Directions for this task => Reproduce every record verbatim but drop the pictures.

▶

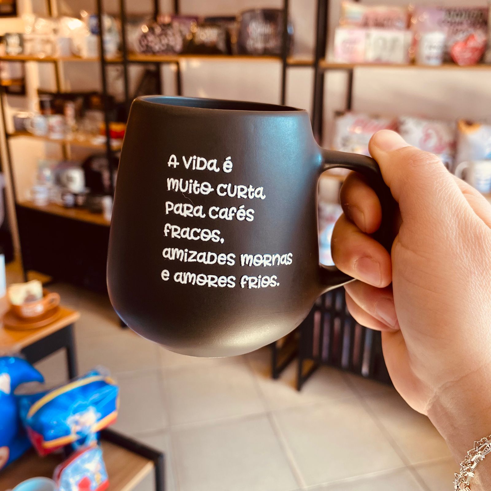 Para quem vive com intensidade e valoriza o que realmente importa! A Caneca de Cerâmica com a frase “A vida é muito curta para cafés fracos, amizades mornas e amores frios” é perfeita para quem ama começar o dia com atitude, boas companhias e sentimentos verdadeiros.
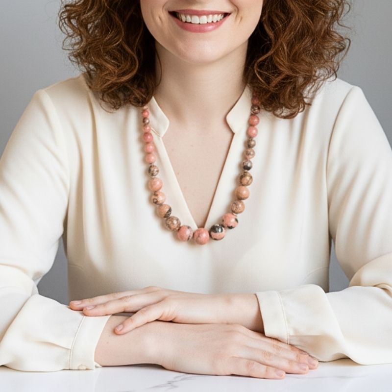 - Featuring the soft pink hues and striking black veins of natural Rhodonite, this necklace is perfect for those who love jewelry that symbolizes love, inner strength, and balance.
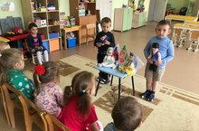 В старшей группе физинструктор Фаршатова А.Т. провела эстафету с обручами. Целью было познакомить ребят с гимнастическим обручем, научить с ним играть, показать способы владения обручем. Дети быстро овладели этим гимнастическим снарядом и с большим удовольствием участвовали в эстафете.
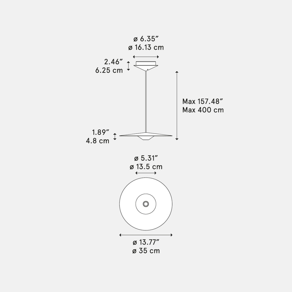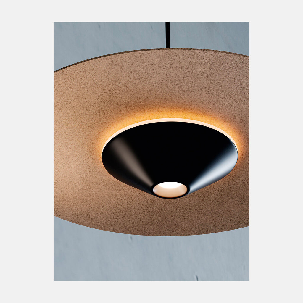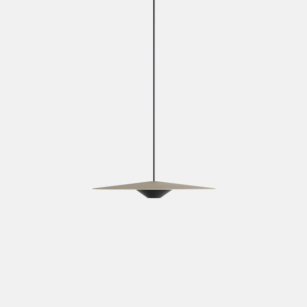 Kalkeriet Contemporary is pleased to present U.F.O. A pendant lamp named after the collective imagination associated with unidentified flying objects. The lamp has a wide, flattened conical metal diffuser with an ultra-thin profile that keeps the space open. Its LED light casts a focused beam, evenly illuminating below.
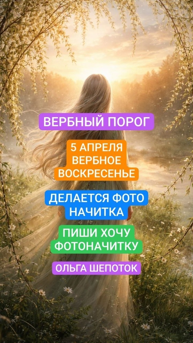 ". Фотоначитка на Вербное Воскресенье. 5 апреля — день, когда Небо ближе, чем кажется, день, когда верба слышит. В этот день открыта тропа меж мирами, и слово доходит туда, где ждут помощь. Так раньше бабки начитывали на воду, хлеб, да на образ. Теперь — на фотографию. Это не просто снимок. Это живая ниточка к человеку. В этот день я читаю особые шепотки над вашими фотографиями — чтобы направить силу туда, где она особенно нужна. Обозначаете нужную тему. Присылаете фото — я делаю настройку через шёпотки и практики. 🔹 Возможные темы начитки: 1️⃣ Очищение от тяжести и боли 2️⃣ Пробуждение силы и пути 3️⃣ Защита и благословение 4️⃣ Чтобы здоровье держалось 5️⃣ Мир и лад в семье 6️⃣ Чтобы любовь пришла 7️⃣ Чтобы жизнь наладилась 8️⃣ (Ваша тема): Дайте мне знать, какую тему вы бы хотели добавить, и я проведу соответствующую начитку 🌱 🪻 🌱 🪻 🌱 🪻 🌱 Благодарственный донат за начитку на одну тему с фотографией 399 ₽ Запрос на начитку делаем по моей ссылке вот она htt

◀

Solution to this task =>
 Para quem vive com intensidade e valoriza o que realmente importa! A Caneca de Cerâmica com a frase “A vida é muito curta para cafés fracos, amizades mornas e amores frios” é perfeita para quem ama começar o dia com atitude, boas companhias e sentimentos verdadeiros.
 - Featuring the soft pink hues and striking black veins of natural Rhodonite, this necklace is perfect for those who love jewelry that symbolizes love, inner strength, and balance.
 В старшей группе физинструктор Фаршатова А.Т. провела эстафету с обручами. Целью было познакомить ребят с гимнастическим обручем, научить с ним играть, показать способы владения обручем. Дети быстро овладели этим гимнастическим снарядом и с большим удовольствием участвовали в эстафете.
 Kalkeriet Contemporary is pleased to present U.F.O. A pendant lamp named after the collective imagination associated with unidentified flying objects. The lamp has a wide, flattened conical metal diffuser with an ultra-thin profile that keeps the space open. Its LED light casts a focused beam, evenly illuminating below.
 ". Фотоначитка на Вербное Воскресенье. 5 апреля — день, когда Небо ближе, чем кажется, день, когда верба слышит. В этот день открыта тропа меж мирами, и слово доходит туда, где ждут помощь. Так раньше бабки начитывали на воду, хлеб, да на образ. Теперь — на фотографию. Это не просто снимок. Это живая ниточка к человеку. В этот день я читаю особые шепотки над вашими фотографиями — чтобы направить силу туда, где она особенно нужна. Обозначаете нужную тему. Присылаете фото — я делаю настройку через шёпотки и практики. 🔹 Возможные темы начитки: 1️⃣ Очищение от тяжести и боли 2️⃣ Пробуждение силы и пути 3️⃣ Защита и благословение 4️⃣ Чтобы здоровье держалось 5️⃣ Мир и лад в семье 6️⃣ Чтобы любовь пришла 7️⃣ Чтобы жизнь наладилась 8️⃣ (Ваша тема): Дайте мне знать, какую тему вы бы хотели добавить, и я проведу соответствующую начитку 🌱 🪻 🌱 🪻 🌱 🪻 🌱 Благодарственный донат за начитку на одну тему с фотографией 399 ₽ Запрос на начитку делаем по моей ссылке вот она htt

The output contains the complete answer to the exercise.